Если будем искать, то найдём, и если будем просить Бога, то Он просветит нас; ибо в Святом Евангелии сказано: «просите, и дастся вам: ищите, и обрящете: толцыте, и отверзется вам» (Мф. 7:7 ). Сказано: «просите» , для того чтобы мы призывали Его в молитве; а “ищите” значит, чтобы мы испытывали, каким образом приходит самая добродетель, «что» её приносит, «что» мы должны делать для приобретения её; так всегда 62 испытывать и значит: «ищите и обрящете» . А «толцыте» значит исполнять заповеди, ибо каждый, кто толкает, толкает руками, а руки означают деятельность.
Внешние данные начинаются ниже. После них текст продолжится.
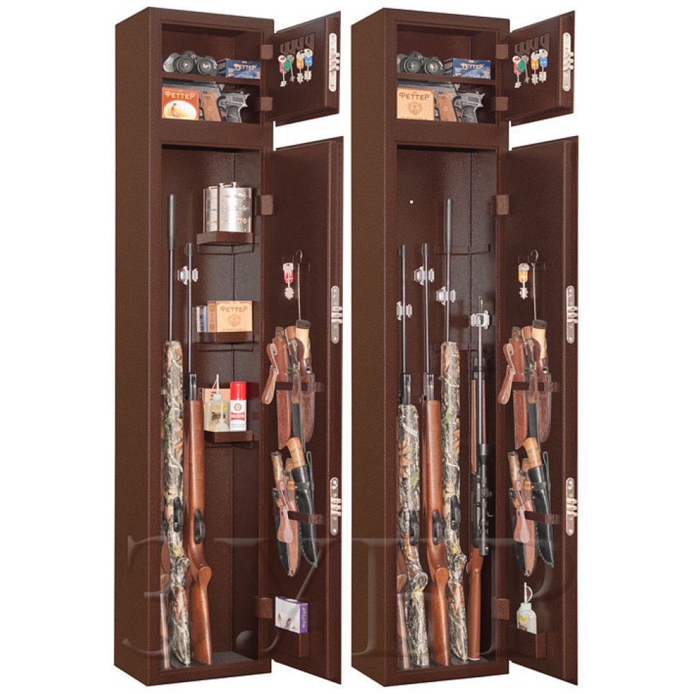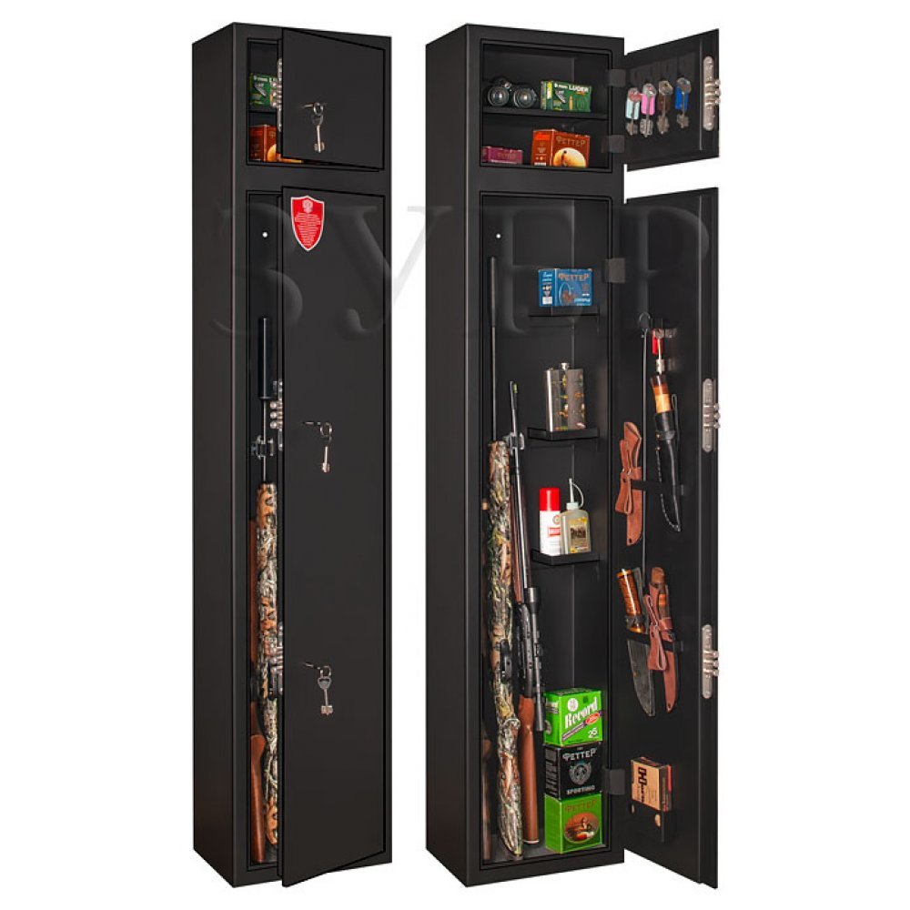 Двухсекционный оружейный сейф. Сейф полностью удовлетворяет требованиям МВД и Росгвардии к хранению оружия физическими и юридическими лицами. Толщина металла не менее 3 мм. Оснащен тремя сейфовыми замками второго класса. Оборудован удобными ложементами для хранения оружия. Имеются анкерные отверстия на задней стенке сейфа для крепления к стене.

Итак, мы должны не только просить, но искать и действовать, стараясь, как сказал Апостол, «быть готовыми на всякое благое дело» (2Кор. 9:8 ; 2Тим. 3:17 ). Что значит быть готовым? Когда кто хочет построить корабль, то он сперва готовит всё нужное для корабля, даже до малейших гвоздей, смолы и пакли. Также если женщина хочет ткать полотно, то она сперва готовит всё до малой нитки; это и называется быть готовым, т. е. иметь в готовности всё нужное для дела. Будем и мы таким образом «уготованы на всякое благое дело» , имея полную готовность разумно исполнять волю Божию, как Он хочет и как Ему угодно. Что значит сказанное Апостолом: «воля Божия благая и угодная и совершенная» ? (Рим. 12:2 ). Все бывающее бывает или по благоволению Божию, или попустительно, как сказано у Пророка: «Аз Господь Бог, устроивый свет и сотворивый тму» (Іс. 45:7 ). И еще: «или будет зло во граде, еже Господь не сотвори» (Ам. 3:6 ). Злом здесь названо всё, что отягощает нас, т. е. всё скорбное, бывающее к наказанию нашему за порочность нашу, как то: голод, мор, землетрясение, бездождие, болезни, брани – всё сие бывает не по благоволению Божию, но попустительно, когда Бог попускает этому находить на нас для нашей пользы. Но Бог не хочет, чтобы мы сего желали или сему содействовали. Например, как я сказал, бывает попустительная воля Божия на то, чтобы город был разорён, но Бог не хочет, чтобы мы – Поелику есть Его воля на разорение города – сами положили огонь и подожгли оный, или чтобы мы взяли топоры и стали разрушать его. Также Бог попускает, чтобы кто-нибудь находился в печали или в болезни, но хотя воля Божия и такова, чтобы он печалился, но Бог не хочет, чтобы и мы опечаливали его, или чтобы сказали: так как есть воля Божия на то, чтобы он был болен, то не будем жалеть его. Этого Бог не хочет; не хочет, чтобы мы служили таковой Его воле. Он желает, напротив, видеть нас столь благими, чтобы мы не хотели того, что Он делает попустительно.